=== Begin Enclosure ===
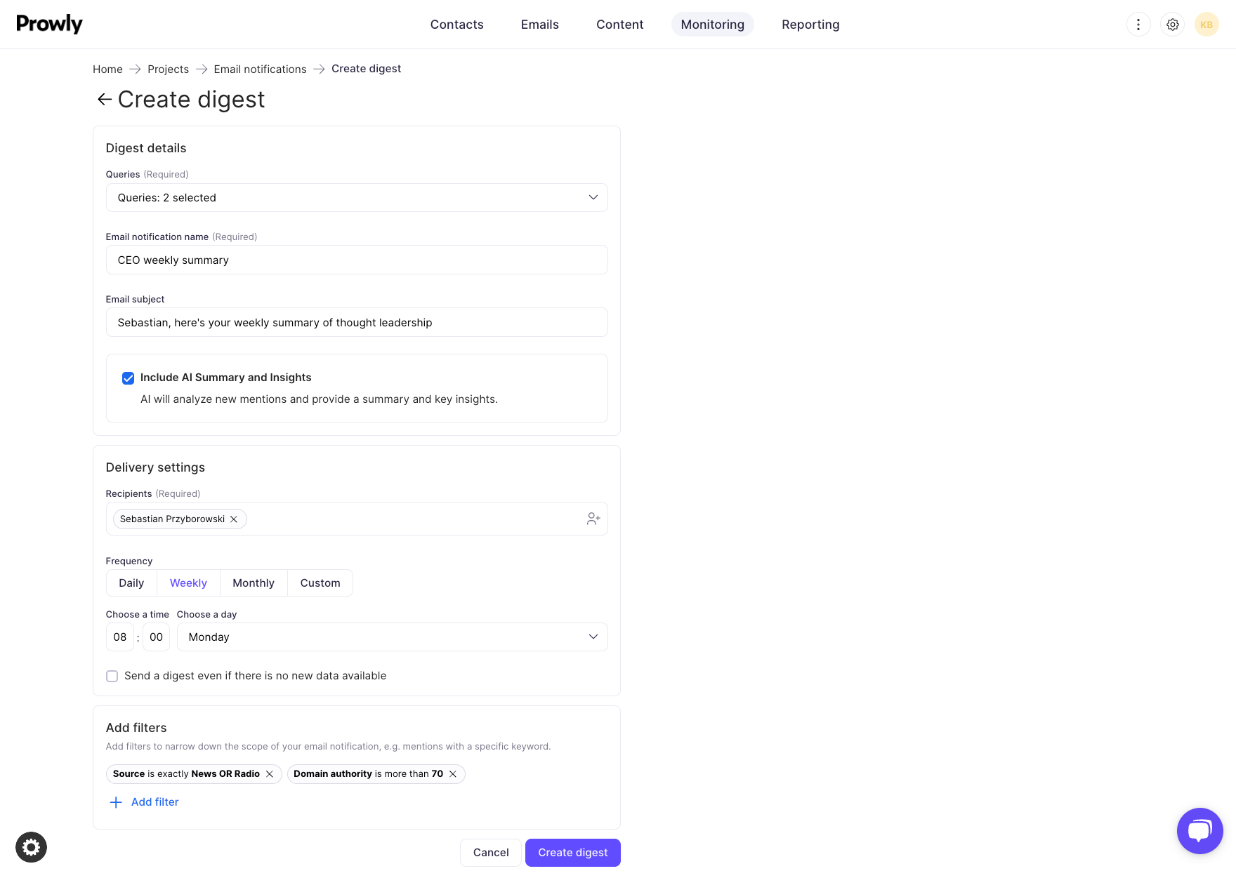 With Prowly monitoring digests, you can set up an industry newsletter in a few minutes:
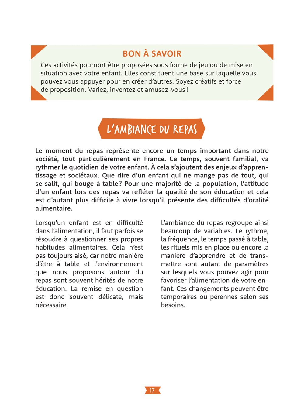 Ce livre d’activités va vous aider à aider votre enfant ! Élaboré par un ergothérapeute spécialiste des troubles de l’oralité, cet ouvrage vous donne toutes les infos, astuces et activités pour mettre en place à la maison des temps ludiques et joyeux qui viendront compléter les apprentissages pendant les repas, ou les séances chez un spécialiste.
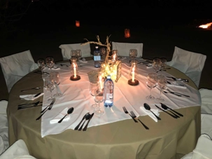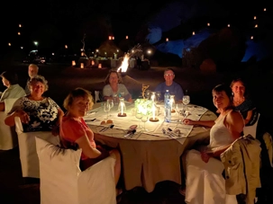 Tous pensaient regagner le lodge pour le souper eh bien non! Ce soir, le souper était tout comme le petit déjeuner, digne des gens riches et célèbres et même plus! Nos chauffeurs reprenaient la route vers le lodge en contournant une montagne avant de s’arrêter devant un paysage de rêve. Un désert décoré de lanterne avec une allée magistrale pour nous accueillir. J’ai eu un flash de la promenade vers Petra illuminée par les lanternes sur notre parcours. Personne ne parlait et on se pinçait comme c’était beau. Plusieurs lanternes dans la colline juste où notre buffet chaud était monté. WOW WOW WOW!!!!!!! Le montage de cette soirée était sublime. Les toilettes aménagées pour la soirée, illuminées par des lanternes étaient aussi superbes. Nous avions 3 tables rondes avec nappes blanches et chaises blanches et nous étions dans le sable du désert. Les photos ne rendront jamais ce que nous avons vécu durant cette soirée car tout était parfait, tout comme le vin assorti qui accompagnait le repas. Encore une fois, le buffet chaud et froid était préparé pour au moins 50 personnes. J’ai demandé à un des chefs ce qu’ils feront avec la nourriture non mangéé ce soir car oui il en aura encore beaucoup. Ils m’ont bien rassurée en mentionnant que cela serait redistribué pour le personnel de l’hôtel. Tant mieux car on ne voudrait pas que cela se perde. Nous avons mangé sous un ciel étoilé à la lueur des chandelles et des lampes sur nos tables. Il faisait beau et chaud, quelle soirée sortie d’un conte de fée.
=== End Enclosure ===
■ Exercise prompt:
Write the material out again word for word and omit any images.

■ Exercise result:
 With Prowly monitoring digests, you can set up an industry newsletter in a few minutes:
 Ce livre d’activités va vous aider à aider votre enfant ! Élaboré par un ergothérapeute spécialiste des troubles de l’oralité, cet ouvrage vous donne toutes les infos, astuces et activités pour mettre en place à la maison des temps ludiques et joyeux qui viendront compléter les apprentissages pendant les repas, ou les séances chez un spécialiste.
 Tous pensaient regagner le lodge pour le souper eh bien non! Ce soir, le souper était tout comme le petit déjeuner, digne des gens riches et célèbres et même plus! Nos chauffeurs reprenaient la route vers le lodge en contournant une montagne avant de s’arrêter devant un paysage de rêve. Un désert décoré de lanterne avec une allée magistrale pour nous accueillir. J’ai eu un flash de la promenade vers Petra illuminée par les lanternes sur notre parcours. Personne ne parlait et on se pinçait comme c’était beau. Plusieurs lanternes dans la colline juste où notre buffet chaud était monté. WOW WOW WOW!!!!!!! Le montage de cette soirée était sublime. Les toilettes aménagées pour la soirée, illuminées par des lanternes étaient aussi superbes. Nous avions 3 tables rondes avec nappes blanches et chaises blanches et nous étions dans le sable du désert. Les photos ne rendront jamais ce que nous avons vécu durant cette soirée car tout était parfait, tout comme le vin assorti qui accompagnait le repas. Encore une fois, le buffet chaud et froid était préparé pour au moins 50 personnes. J’ai demandé à un des chefs ce qu’ils feront avec la nourriture non mangéé ce soir car oui il en aura encore beaucoup. Ils m’ont bien rassurée en mentionnant que cela serait redistribué pour le personnel de l’hôtel. Tant mieux car on ne voudrait pas que cela se perde. Nous avons mangé sous un ciel étoilé à la lueur des chandelles et des lampes sur nos tables. Il faisait beau et chaud, quelle soirée sortie d’un conte de fée.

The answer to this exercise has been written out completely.